I'm writing this post because it was a really fun and rewarding course.

If you're like me and you love puzzles, mental challenges and are interested in computing (or how computers work), then I'd highly recommend the course. I took it for "fun" and having just completed it I'm feeling rather chuffed with myself.

The idea is that you start with a NAND gate, that is a logic gate that takes two inputs and produces the output (which typically goes through AND first then a NOT gate).

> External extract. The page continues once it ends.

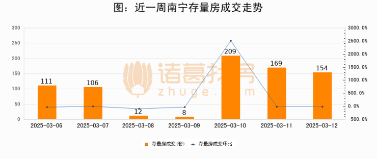 从存量房来看,2025年03月12日南宁存量房单日成交154套,比昨日减少15套,环比下降8.9%。从近一周存量房成交来看,南宁存量房日均成交套数为109套,03月12日单日成交154套,高于近一周平均水平41.3%。

From this single chip more and more chips can be built, starting with AND, NOT, OR and XOR.

Before long I was building an ALU without much trouble at all (and if I'm honest, I hadn't know an ALU was a key part of a CPU until only a few years ago).

Just last night I was on the final leg of connecting my A register to my PC, and connecting up the ALU to take inputs from various inputs both memory and registers and this morning the full CPU and quickly after the Computer was working.

I could take the imaginary HACK assembly language (that the course had invented), and compile it to binary and load that into the ROM of my HACK computer and it would execute it exactly as I expected.

So, again, if you enjoy puzzles, I'd highly recommend the course.

Interestingly there were a few key big key learnings I got from the course (beyond a great understanding of computers):

  1. Starting with a test suite to run against is undisputable the best development approach. Whenever I've used test driven development in my "normal" work, the quality has always been better. The entire course relies on tests that run your logic gates to check it works as intended - and without them I'm sure my computer would fail frequently.
  2. Taking the bottom up approach is so so so much simpler. I know, again, from my day work that breaking tasks into smaller chunks makes it easier to approach. Building a computer from a blank sheet is a daunting, if not entirely off-putting idea, but by building the foundation principles, and then building on those, then building those made the task very much a "by the numbers" process.

Having completed the first part of the course, I think I'll sign up to the second part (building the operating system), and maybe, if I can ever find the time, I'd like to try to translate the HACK computer to an FPGA (and perhaps bite off way more than I can chew!).

Final thought: a NAND gate is this: in x 2 -> AND -> NOT -> out, yet it's called NAND, not ANDN - because in x 2 -> not x 2 -> AND -> out is a totally different thing. I guess "nand" was just nicer to say than "and'nnn"!